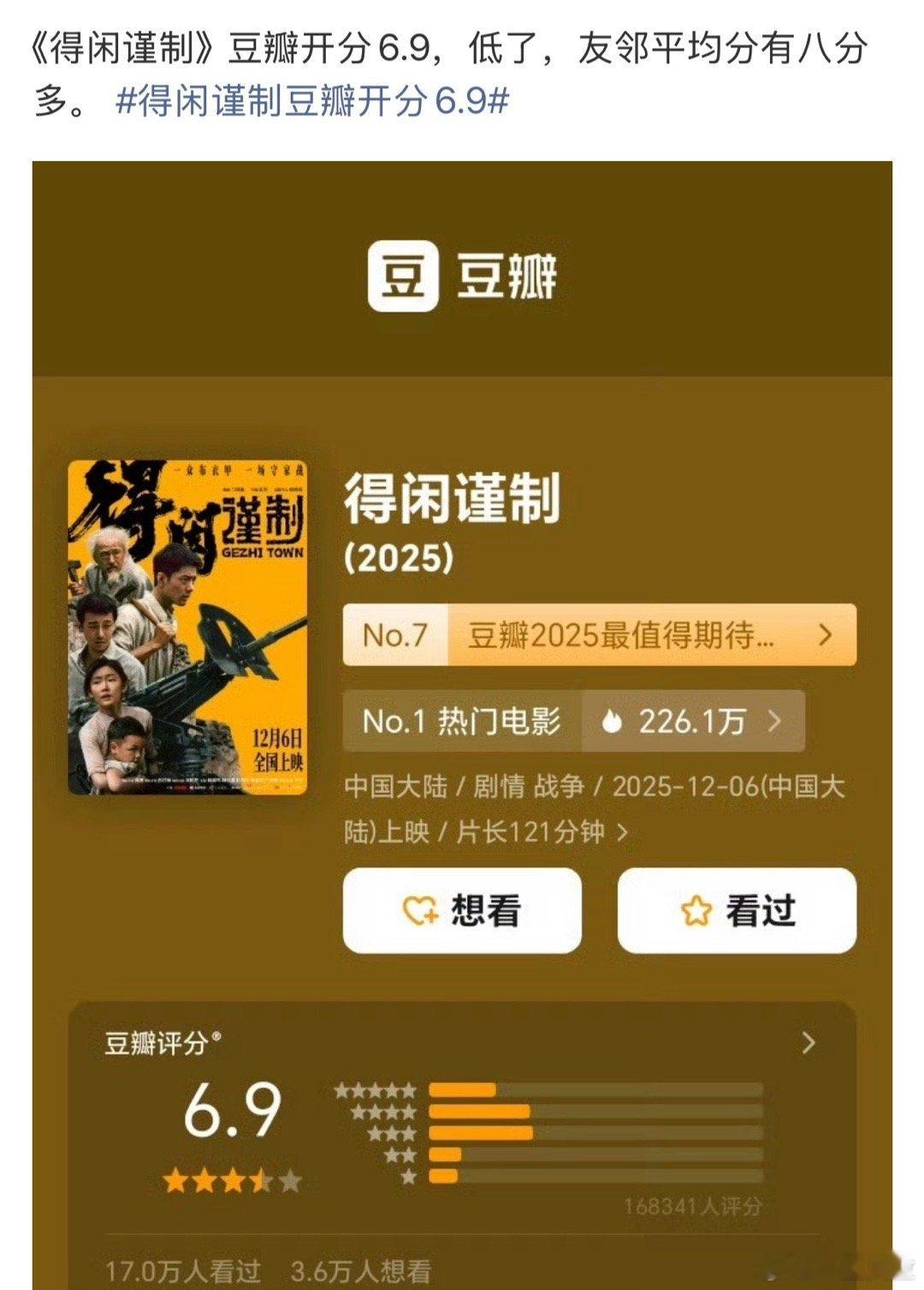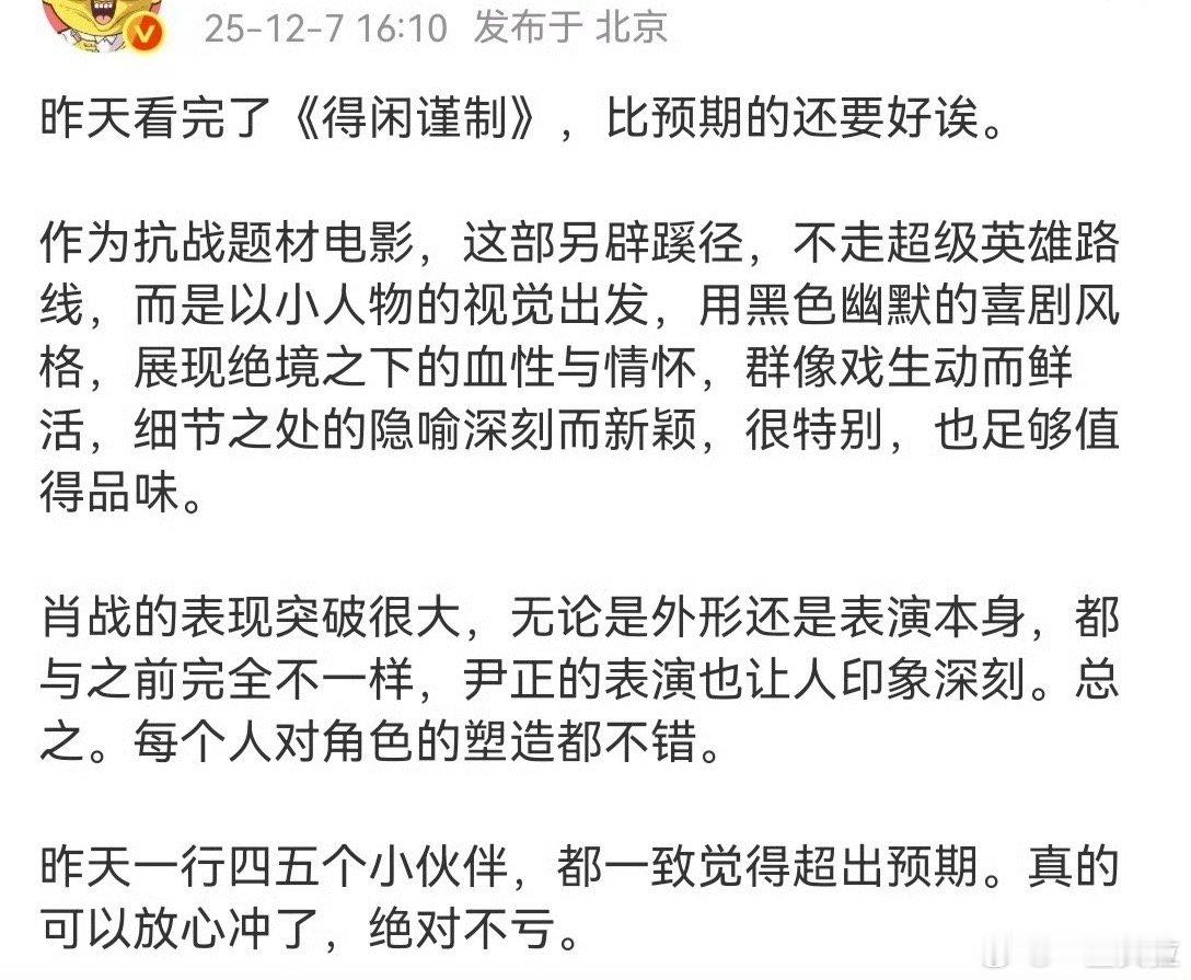 恶意偏见压不垮得闲谨制 《得闲谨制》的观影体验远超预期,那种后劲儿真的很大好吗,所谓的6.9分完全没道理,这明明是一部兼具娱乐性和思想性的优质战争片,正午阳光的“谨制”二字不是白叫的
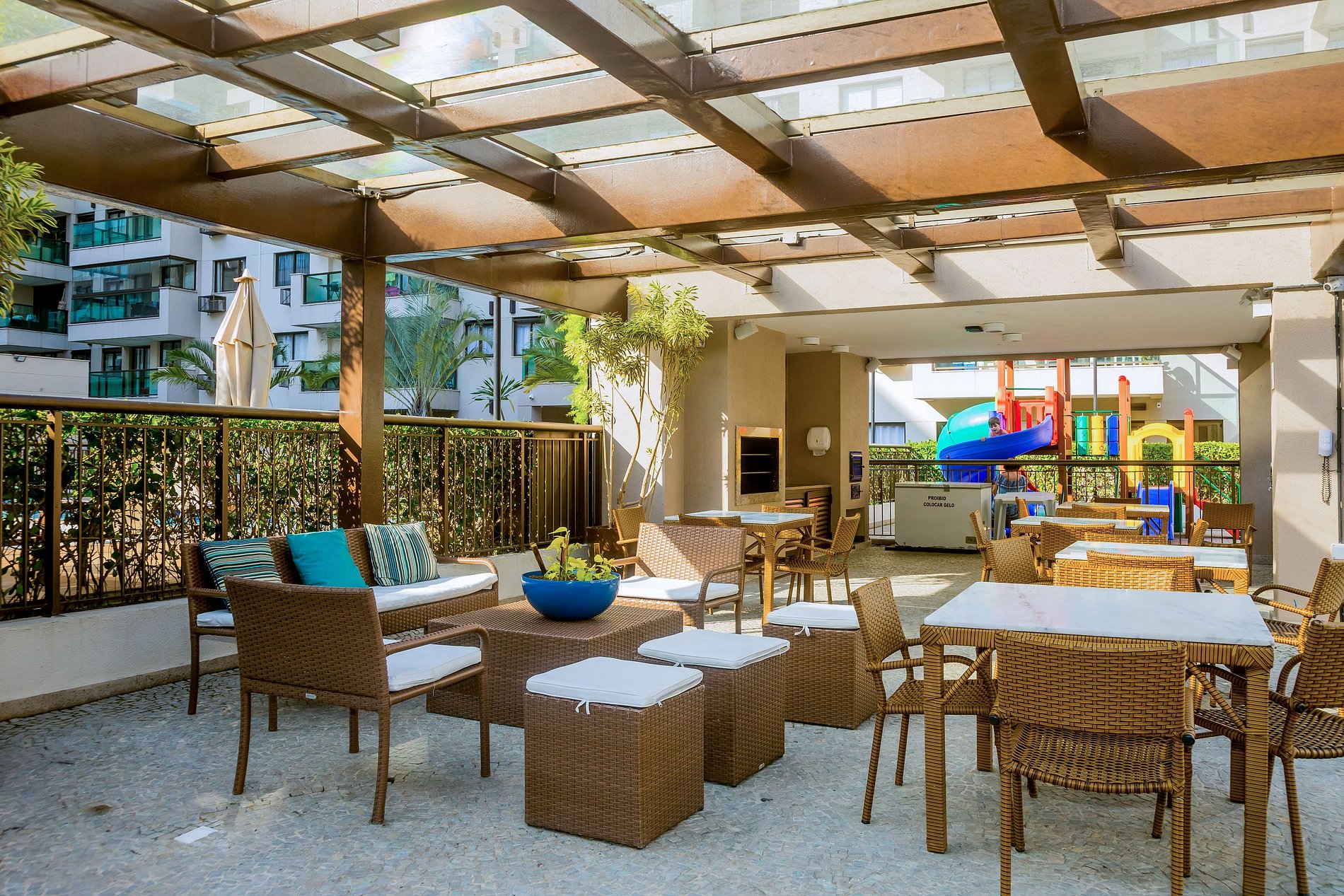 Este apartamento está no 3° andar e fica virado para o pátio interno do condomínio; local ideal para curtir um final-de-semana com a família ou morar por um período mais longo.
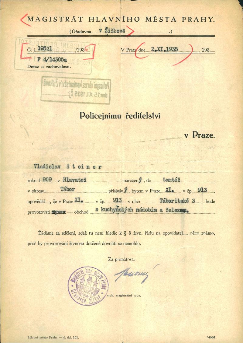 National archives Prague > Police Directorate Prague > 1941-1950 > S > Steiner Vladislav
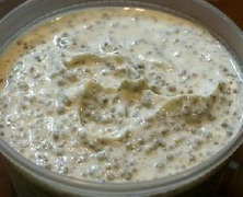 15 cl de lait concentré non sucré BONNET ROUGE, 400g de fromage blanc, 15 cl de crème fraîche ou crème liquide, 2 yaourts natures, 200 g de semoule de mil, Sucre en poudre à votre convenance, 2 sachets de sucre vanillé, 2/3 cuillère à soupe de raisin sec, De la muscade en poudre
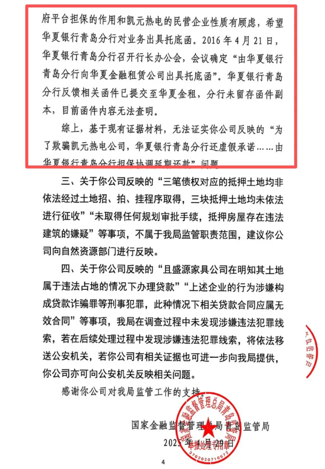 据此,凯元热电表示,金融监管总局和青岛金管局应当依职权调取华夏银行青岛分行涉案行长办公会的会议纪要,一并向华夏金租调取该托底函,进而对该托底函的合法性、合规性进行调查核实认定,应当依法对华夏银行青岛分行确实存在的违反金融监管规定行为给予行政处罚,并认定相关责任人员的违法责任。
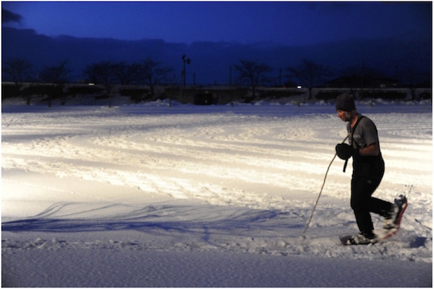 いつもはひとりで、雪の上と孤軍奮闘するサイモン氏ですが、2016年に初めて来日したときは、冬の田んぼアート開催中に天候が悪くなり、降雪もあったためサイモン氏の描いたスノーアートが見えなくなりました。そこで立ち上がったのが、メンテナンス部隊として集まっていた地元有志たちでした。地元有志は事前にサイモン氏からビギナー講習を受けていたので、その技術を駆使して、一歩一歩雪を踏みしめ、スノーアートを作成しました。

☆ ☆ ☆ ☆

### ASSIGNED TASK:
Take the material above and set it down exactly, minus the images.

### RESPONSE:
 恶意偏见压不垮得闲谨制 《得闲谨制》的观影体验远超预期,那种后劲儿真的很大好吗,所谓的6.9分完全没道理,这明明是一部兼具娱乐性和思想性的优质战争片,正午阳光的“谨制”二字不是白叫的
 Este apartamento está no 3° andar e fica virado para o pátio interno do condomínio; local ideal para curtir um final-de-semana com a família ou morar por um período mais longo.
 National archives Prague > Police Directorate Prague > 1941-1950 > S > Steiner Vladislav
 15 cl de lait concentré non sucré BONNET ROUGE, 400g de fromage blanc, 15 cl de crème fraîche ou crème liquide, 2 yaourts natures, 200 g de semoule de mil, Sucre en poudre à votre convenance, 2 sachets de sucre vanillé, 2/3 cuillère à soupe de raisin sec, De la muscade en poudre
 据此,凯元热电表示,金融监管总局和青岛金管局应当依职权调取华夏银行青岛分行涉案行长办公会的会议纪要,一并向华夏金租调取该托底函,进而对该托底函的合法性、合规性进行调查核实认定,应当依法对华夏银行青岛分行确实存在的违反金融监管规定行为给予行政处罚,并认定相关责任人员的违法责任。
 いつもはひとりで、雪の上と孤軍奮闘するサイモン氏ですが、2016年に初めて来日したときは、冬の田んぼアート開催中に天候が悪くなり、降雪もあったためサイモン氏の描いたスノーアートが見えなくなりました。そこで立ち上がったのが、メンテナンス部隊として集まっていた地元有志たちでした。地元有志は事前にサイモン氏からビギナー講習を受けていたので、その技術を駆使して、一歩一歩雪を踏みしめ、スノーアートを作成しました。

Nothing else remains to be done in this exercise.